▶ _EXERCISE OBJECTIVE_
Transcribe the listing exactly, skipping every picture.

▶ _DATA BELOW_
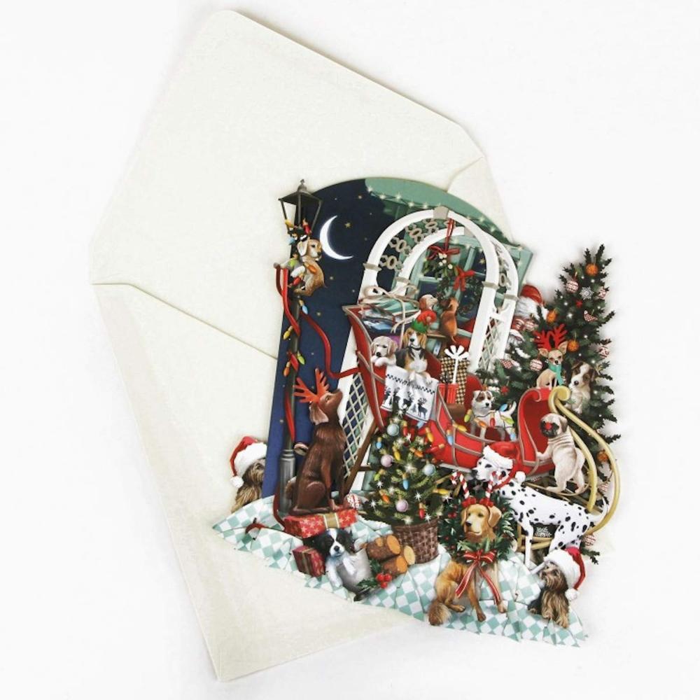 Avec cette carte pop up vous envoyez bien plus qu'un message, vous envoyez une surprise. Cette carte en relief est livrée avec une enveloppe pour que vous puissiez l'expédier par la poste. Inscrivez votre message au dos de la carte sur l'espace blanc prévu pour cela et glissez la carte 3D dans l'enveloppe. A l'ouverture, votre correspondant dépliera naturellement et très facilement la carte. Il obtiendra un décor de noël surprenant, tenant seul à la verticale. Ce décor sur le thème de Noël et des chiens se compose de 7 plans très finement découpés et imprimés en couleur avec une grande finesse d’impression et de très nombreux détails. Un décor miniature époustouflant qu'on ne se lasse pas de regarder !
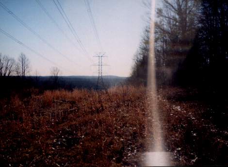 One of the ugly things about the park is this power line that bisects the Cobb's Ford area. This view is from Cox Mountain. The only good thing about it is the long vista to the east (towards Durham, NC).
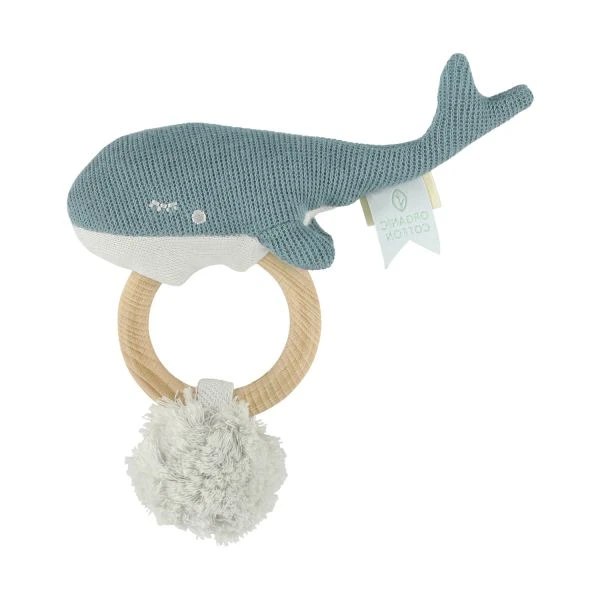De Trixie Whale Bijtring is een vrolijk speeltje waar je kindje heerlijk op kan kauwen en bijten. Het speeltje bestaat uit een houten ring met een knuffeltje in de vorm van een walvis dat je kindje erg interessant zal vinden. Wanneer je kindje op het speeltje kauwt, zal het tandvlees verzachten en de doorkomende tandjes minder pijn doen. Daarnaast daagt het speeltje de zintuigen van je kindje uit door de verschillende kleuren en texturen. Het bijtspeeltje is gemakkelijk vast te houden met kleine kinderhandjes.
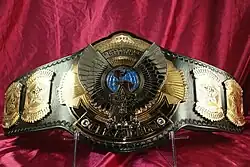 The OVW Heavyweight Championship is a professional wrestling World heavyweight championship owned by the Ohio Valley Wrestling (OVW) promotion. The original championship was designed and created in 1997 by Reggie Parks. The title was introduced on August 17, 1997, at an OVW live event, then known as the NWA-OVW Heavyweight Championship due to OVW's relationship with the National Wrestling Alliance (NWA) governing body. OVW eventually parted ways with the NWA in October 2001, and the title was renamed the OVW Heavyweight Championship. OVW later became a developmental territory for the World Wrestling Entertainment organization, but their partnership eventually ceased on February 7, 2008.[2] The title has no known weight-limit, even though it is a heavyweight championship. The title has also went through almost 3 different versions in its current twenty-five year run. With The first being made by Reggie Parks in 1997, which was then retired and vacated in early 2012. The second version would then be made by Reggie Parks and Dave Millican for OVW.[3] The current version however was designed and created by Top Rope Belts, and ended up being used from 2012 to the present day.[4]

▶ _EXERCISE OUTPUT_
 Avec cette carte pop up vous envoyez bien plus qu'un message, vous envoyez une surprise. Cette carte en relief est livrée avec une enveloppe pour que vous puissiez l'expédier par la poste. Inscrivez votre message au dos de la carte sur l'espace blanc prévu pour cela et glissez la carte 3D dans l'enveloppe. A l'ouverture, votre correspondant dépliera naturellement et très facilement la carte. Il obtiendra un décor de noël surprenant, tenant seul à la verticale. Ce décor sur le thème de Noël et des chiens se compose de 7 plans très finement découpés et imprimés en couleur avec une grande finesse d’impression et de très nombreux détails. Un décor miniature époustouflant qu'on ne se lasse pas de regarder !
 One of the ugly things about the park is this power line that bisects the Cobb's Ford area. This view is from Cox Mountain. The only good thing about it is the long vista to the east (towards Durham, NC).
De Trixie Whale Bijtring is een vrolijk speeltje waar je kindje heerlijk op kan kauwen en bijten. Het speeltje bestaat uit een houten ring met een knuffeltje in de vorm van een walvis dat je kindje erg interessant zal vinden. Wanneer je kindje op het speeltje kauwt, zal het tandvlees verzachten en de doorkomende tandjes minder pijn doen. Daarnaast daagt het speeltje de zintuigen van je kindje uit door de verschillende kleuren en texturen. Het bijtspeeltje is gemakkelijk vast te houden met kleine kinderhandjes.
 The OVW Heavyweight Championship is a professional wrestling World heavyweight championship owned by the Ohio Valley Wrestling (OVW) promotion. The original championship was designed and created in 1997 by Reggie Parks. The title was introduced on August 17, 1997, at an OVW live event, then known as the NWA-OVW Heavyweight Championship due to OVW's relationship with the National Wrestling Alliance (NWA) governing body. OVW eventually parted ways with the NWA in October 2001, and the title was renamed the OVW Heavyweight Championship. OVW later became a developmental territory for the World Wrestling Entertainment organization, but their partnership eventually ceased on February 7, 2008.[2] The title has no known weight-limit, even though it is a heavyweight championship. The title has also went through almost 3 different versions in its current twenty-five year run. With The first being made by Reggie Parks in 1997, which was then retired and vacated in early 2012. The second version would then be made by Reggie Parks and Dave Millican for OVW.[3] The current version however was designed and created by Top Rope Belts, and ended up being used from 2012 to the present day.[4]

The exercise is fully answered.